That looks remarkably familiar - did Microsoft licence their Win 3.1 Golf game from them?

Computer viking
May 30, 2011
Now with less breakage.

The Kins posted:

Yeah, the Microsoft Golf games for Windows used the Links engine.

Huh, archive.org has a copy of the exact version I played (the Multimedia Edition from 1993). Time to set up Windows 3.11 and a sb16/opl3 in dosbox.

Computer viking
May 30, 2011
Now with less breakage.

0toShifty posted:

I remember spending a lot of time with these programs on my Packard Bell.

Audio Station was like a launcher to start the other sound utilities.

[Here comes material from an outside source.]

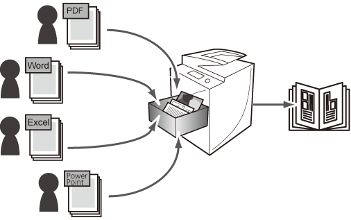 This section describes the procedure for storing files which are created with different applications in the mail box, and making a booklet with page numbers.

Huh, that's a mild rebranding of the old SoundBlaster 16 software - I remember playing with those in Win 3.11.

Computer viking
May 30, 2011
Now with less breakage.

Pham Nuwen posted:

I divide our generations into people know it's called IRC vs those who think it's called mIRC.

Torrents or Napster/Kazaa/WinMX/eMule.

Computer viking
May 30, 2011
Now with less breakage.

On the flipside, the original Celeron line gave us the eminently overclockable 300A, which ended up being decent value for the money after you turned the speed up.

Not that I had one; I went from a Cyrix 486/66 to a used Pentium2 300 (with a voodoo 2). At least my later Athlons lived a bit above their rated speeds.

Computer viking
May 30, 2011
Now with less breakage.

It be completely fair to laptops: We have a department full of junky old laptops, and even the uninspired HP ones tend to make it to replacement age (at ~ 6 years) with hardly more than blowing the dust out of the fans sporadically.

My personal laptop is a thin little ultrabook. It's not very upgradeable, but I've got other machines for gaming and number crunching, and it's powerful enough for office/lightroom/light R/YouTube. I've had to make use of the warranty on it, but having a guy show up the next day to replace the motherboard was acceptable enough. I expect it'll survive undramatically for some more years, and at some point around the 5-year mark I'll probably be tempted to pick up a new model (OLED in a laptop is deeply tempting).

Of course, I wouldn't give up my gaming PC at home, nor my workstation (or my servers) at work - but I also wouldn't give up my 1.4kg bag-friendly laptop: Having a fast-enough machine with a good keyboard and a desktop OS I've set up myself that I can bring along easily is great.

And if I only ever did the things the laptop can do - I'd be tempted to collect my workspace on a single fast-enough computer instead of having two, and it would probably be the one I could carry.

Computer viking
May 30, 2011
Now with less breakage.

I'll admit that lenovo's 3-year next day in place warranty has spoiled me a bit - having to send a laptop off to be repaired (which always takes bloody forever) is incredibly annoying, and a good reason for having a desktop handy.

(For no clear reason Lenovo Norway gives you the nice business warranty by default on the T/X/W series, even as a private person buying through a random webshop.)

Computer viking
May 30, 2011
Now with less breakage.

Rupert Buttermilk posted:

Hmm, I thought phone quality was, overall, still getting better. Just recently I was talking to someone and noticed that it actually sounded much better than it normally does, and it's been like that ever since. Maybe I'm just ~hearing things~, though.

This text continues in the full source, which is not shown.